Work to complete:
Exercise in exact copying: restate word for word only the lines below from the one containing "活动期间,司法警察来到吐鲁番" through the one containing "This model features", omitting any pictures.

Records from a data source
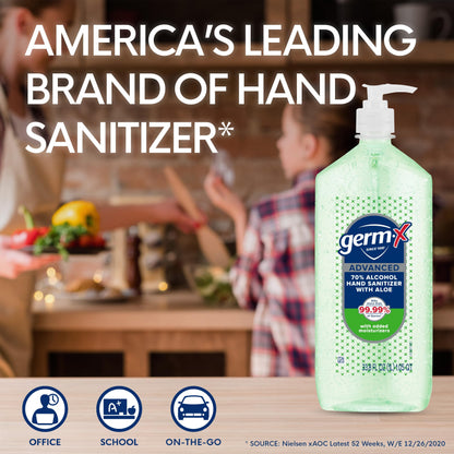 • Fast and Effective: Cleaning on the go just got a lot easier. Germ-X Advanced Aloe Hand Sanitizer gel kills 99.99% of germs without water in as little as 15 seconds
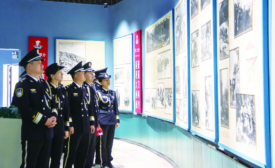 活动期间,司法警察来到吐鲁番地质博物馆参观,重温地质历史,缅怀为地质勘探作出贡献的先辈,从先辈的光荣事迹中汲取前进力量。阿不都沙拉木·白克力 摄
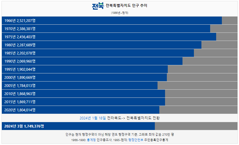 전라북도 인구는 1966년 252만명 이었습니다. 이후 지속적으로 인구가 감소하여 1995년 190만명으로 처음으로 200만명 이하로 감소하였습니다. 2024년 현재 174만명이 전라북도에 거주하고 있습니다.
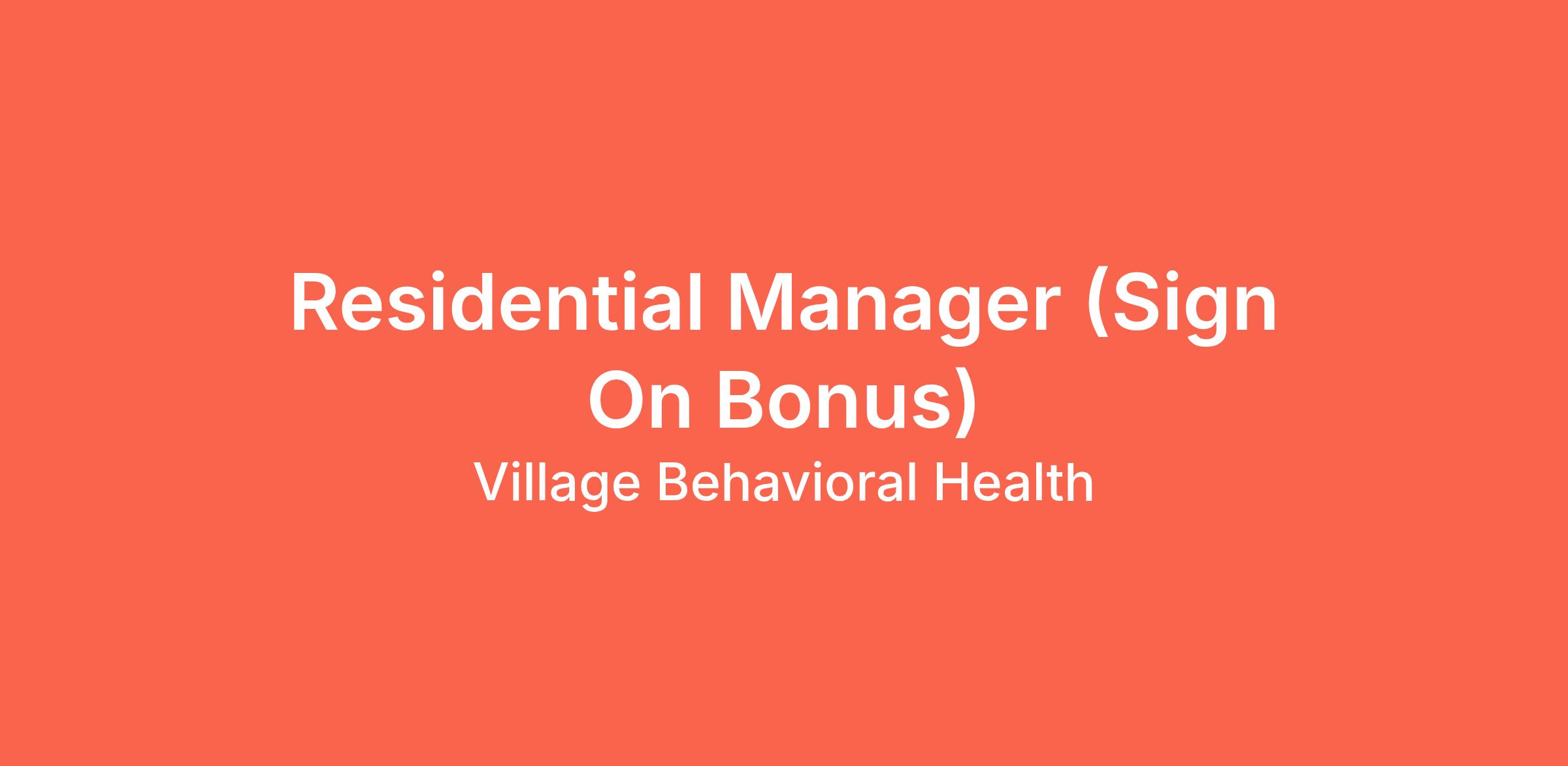 We're seeking an experienced ID/DD Residential Manager to join our growing team at Village Behavioral Health!
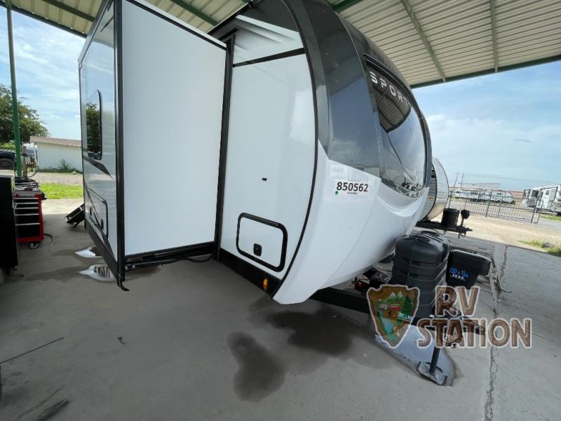 This model features two spacious slide-outs, significantly enhancing the living space and providing a roomy interior that can comfortably accommodate up to five people. The intelligently designed floor plan includes a well-appointed kitchen, complete with modern appliances and ample storage, allowing you to prepare meals with ease. The living area is designed for relaxation, featuring plush seating and entertainment options that make it a perfect retreat after a day of exploration.
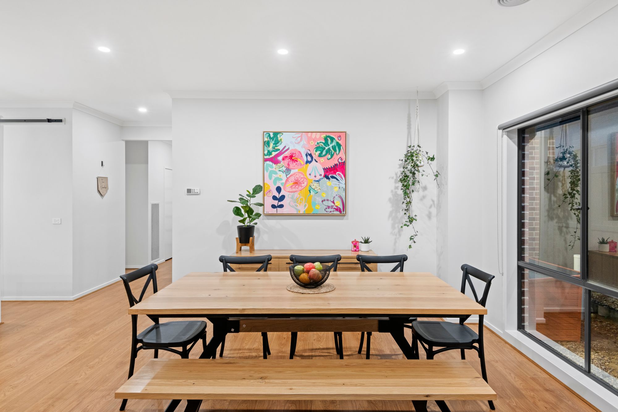 Living: open plan kitchen/living/dining, raised ceilings creating a grand feel, downlights, ducted heating, north-facing windows allowing ample natural sunlight, sliding stacker doors from kitchen & living space to undercover alfresco creating that indoor/outdoor flow, roller blinds, timber laminate flooring
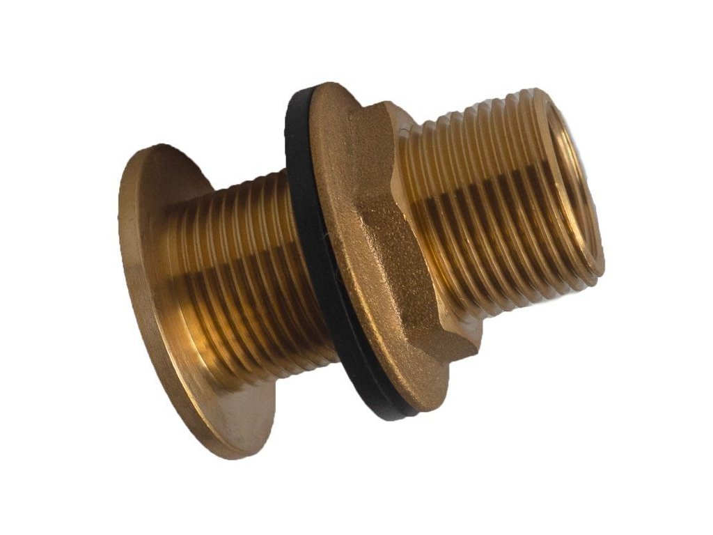 Mosazná průchodka k nádrži s pryžovým těsněním na utěsnění průchodu (pryžové těsnění je součástí balení). Průchodka slouží k vytvoření průchodu ve stěně nádrže s možným napojením na klasický trubkový závit a propojit tak např. dvě nádrže, přidat k nádrži ventil na vypouštění/dopouštění, vytvořit přechod na sání čerpadla a podobně.

Exercise output:
 活动期间,司法警察来到吐鲁番地质博物馆参观,重温地质历史,缅怀为地质勘探作出贡献的先辈,从先辈的光荣事迹中汲取前进力量。阿不都沙拉木·白克力 摄
 전라북도 인구는 1966년 252만명 이었습니다. 이후 지속적으로 인구가 감소하여 1995년 190만명으로 처음으로 200만명 이하로 감소하였습니다. 2024년 현재 174만명이 전라북도에 거주하고 있습니다.
 We're seeking an experienced ID/DD Residential Manager to join our growing team at Village Behavioral Health!
 This model features two spacious slide-outs, significantly enhancing the living space and providing a roomy interior that can comfortably accommodate up to five people. The intelligently designed floor plan includes a well-appointed kitchen, complete with modern appliances and ample storage, allowing you to prepare meals with ease. The living area is designed for relaxation, featuring plush seating and entertainment options that make it a perfect retreat after a day of exploration.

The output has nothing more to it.